PRIVATE CLOUD 106 is similar to public cloud 105, except that the computing resources are only available for use by a single enterprise. While private cloud 106 is depicted as being in communication with WAN 102, in other embodiments a private cloud may be disconnected from the internet entirely and only accessible through a local/private network. A hybrid cloud is a composition of multiple clouds of different types (for example, private, community or public cloud types), often respectively implemented by different vendors. Each of the multiple clouds remains a separate and discrete entity, but the larger hybrid cloud architecture is bound together by standardized or proprietary technology that enables orchestration, management, and/or data/application portability between the multiple constituent clouds. In this embodiment, public cloud 105 and private cloud 106 are both part of a larger hybrid cloud.
According to the present embodiment, the mixed-reality social network 107 may be a program capable of creating and maintaining a mixed-reality environment and enabling individuals to connect to and interact with the mixed-reality environment and each other through the use of avatars. Avatars may be three-dimensional virtual characters that represent an individual. The individual to which the avatar corresponds may be bound to the single perspective and location of the avatar but may control the movements and actions of the avatar to navigate and interact with the mixed-reality environment and participant avatars, objects, or other virtual elements within the mixed-reality environment. The individual to which the avatar corresponds may additionally control the appearance, dimensions, and other characteristics of the avatar. In some embodiments, portions of the avatar, such as the hands and/or head, may be directly mapped to their physical counterparts on the individual to whom the avatar corresponds, such that as the individual moves a mapped body part, the avatar executes the same motion with the matching virtual body part. The mixed-reality social network 107 enables individuals such as the user and other participants to interact through audible speech. The mixed-reality social network 107 may comprise, be integrated with, or otherwise be configured to interoperate with congruent learning program 108. However, while embodiments may be described herein by reference to a mixed-reality social network 107, one of ordinary skill of the art would understand that the mixed-reality social network 107 could be replaced with any software program creating and maintaining a mixed-reality environment capable of hosting two or more individuals and enabling hosted individuals to see and interact with each other.
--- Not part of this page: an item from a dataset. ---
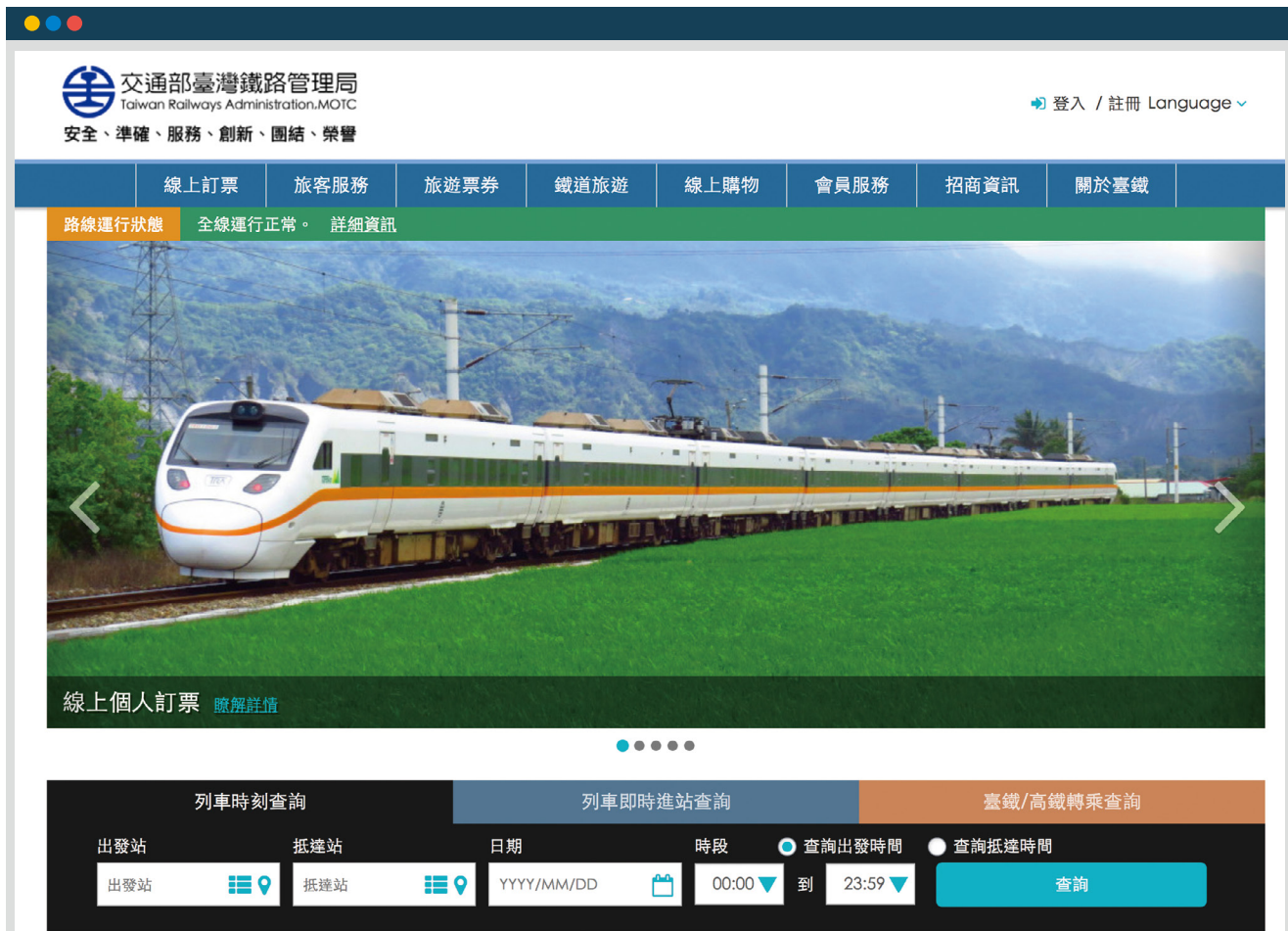
第四代票務系統新增兩鐵列車轉乘時刻查詢功能。

According to the present embodiment, the congruent learning program 108 may be a program enabled to detect an available state of a user, generate behavior for an avatar of the user in a mixed-reality environment, and transmit interactions or notifications of interactions to the user for the duration of the available state. The congruent learning program 108 may, when executed, causethe computing environment 100 to carry out a congruent learning process 200. The congruent learning process 200 may be explained in further detail below with respect to FIG. 2. In embodiments of the invention, the congruent learning program 108 may be stored and/or run within or by any number or combination of devices including computer 101, end user device 103, remote server 104, private cloud 106, and/or public cloud 105, peripheral device set 114, and server 112 and/or on any other device connected to WAN 102. Furthermore, congruent learning program 108 may be distributed in its operation over any number or combination of the aforementioned devices. The congruent learning program 108 may, in embodiments, be a module or subcomponent of mixed-reality social network 107, operate as an independent application called by or in communication with mixed-reality social network 107, or otherwise interoperate with mixed-reality social network 107.
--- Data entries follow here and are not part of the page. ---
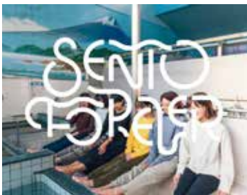
SENTO FOREVER がサウナグッズなどを販売

マウスシールドを着用、テント内を喚起するなどして11人が欧風サウナを楽しみました。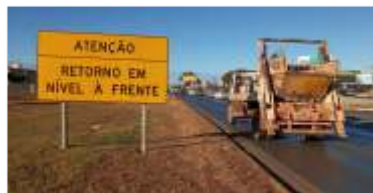
362 m 2 de novas placas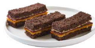
LES MINI SANDWICHS FINGER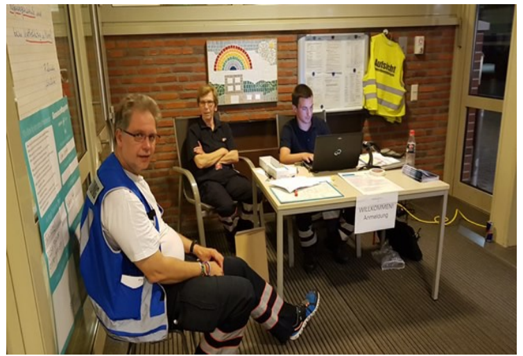
Ein- Ausgangsregistrierung der Katolikentagsgäste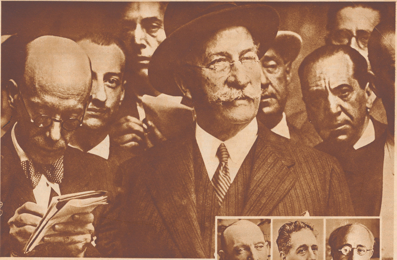
Ministerpräsident Alexandre Llerroux verläßt das Präsidentenpalais von Madrid.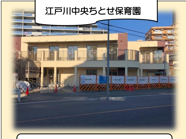
江戸川中央ちとせ保育園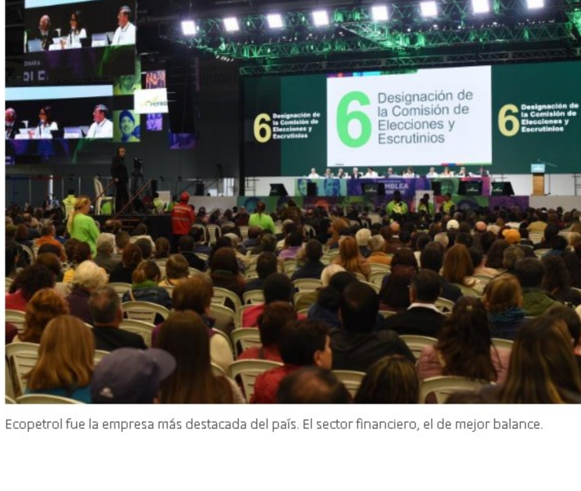
Ecopetrol fue la empresa más destacada del país. El sector financiero, el de mejor balance.

POR: PORTAFOLIO - ABRIL 02 DE 2019 - 09:34 P.M.

Referring now to FIG. 2, an operational flowchart illustrating a congruent learning process 200 is depicted according to at least one embodiment. At 202, the congruent learning program 108 may detect an available state of a user participating in a mixed-reality environment. A user may be participating in a mixed-reality environment when a computing device associated with the user is locally or remotely accessing the mixed-reality environment, such that the user is able to control a user avatar in the mixed-reality environment and, through the user avatar, interact with the mixed-reality environment, objects within the mixed-reality environment, and communicate with other participants represented within the mixed-reality environment by their respective avatars.
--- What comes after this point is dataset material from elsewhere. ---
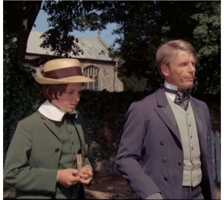
1970 LE MESSENGER (The Go-Between) de Joseph Losey avec Dominic Guard

The congruent learning program 108 may here detect an available state of the user, as distinct from a passive or active state; an active state of the user may be a state where the user is actively and personally controlling the user avatar and may additionally be receiving sensory information from the mixed-reality environment. A passive state of the user may be a state where the user is participating in the mixed reality environment but is not actively and personally controlling the user avatar. An available state may be a state where the user is not actively and personallycontrolling the user avatar but has indicated an availability and/or a desire to be notified of interactions. In an available state, the user may be receiving complete or partial sensory input from the mixed-reality environment, such as audio and/or visual information, and/or may have access to a mobile device or any other device capable of communicating with both avatar congruent learning program 108 and the user.
The congruent learning program 108 may detect an available state of the user by monitoring positional inputs from the user's mixed-reality devices; if the positional inputs cease or remain static for a period of time greater than a threshold idle duration, the congruent learning program 108 may infer that that the user is no longer in an active state, and has entered a passive state, for example after taking off the mixed-reality headset, putting down the controllers and/or leaving range of tracking sensors. The congruent learning program 108 may also monitor positional inputs from the user's mixed-reality devices to identify anomalous input patterns that may indicate that the user is no longer properly engaging with the mixed-reality positional tracking, for example by dropping controllers and letting them hang from the user's arms by a wrist strap, lifting a headset onto the user's forehead, et cetera, thereby resulting in positional data for the user that indicates motion which does not fall within the bounds of what is possible or likely for a human body to achieve. Positional inputs may comprise any sensor measurements that indicate a position of the user and/or the position of mixed-reality devices and/or mobile devices associated with or on the person of the user, such as microlocation data, accelerometer data, gyroscope data, camera feeds wherein the user is identified using image processing techniques, motion sensors, et cetera. The congruent learning program 108 may identify anomalous input patterns where rotation or bending of joints exceeds a threshold motion value, where the threshold motion value represents the maximum likely rotation or flexion of a human body. In some embodiments, the congruent learning program 108 may additionally or alternatively analyze the motion of the user's avatar using screen or devicemeasurement techniques, as opposed to user inputs, for example through an accessibility application programming interface (API) which allows the congruent learning program 108 to access the x, y coordinate position of the avatar at a corresponding time.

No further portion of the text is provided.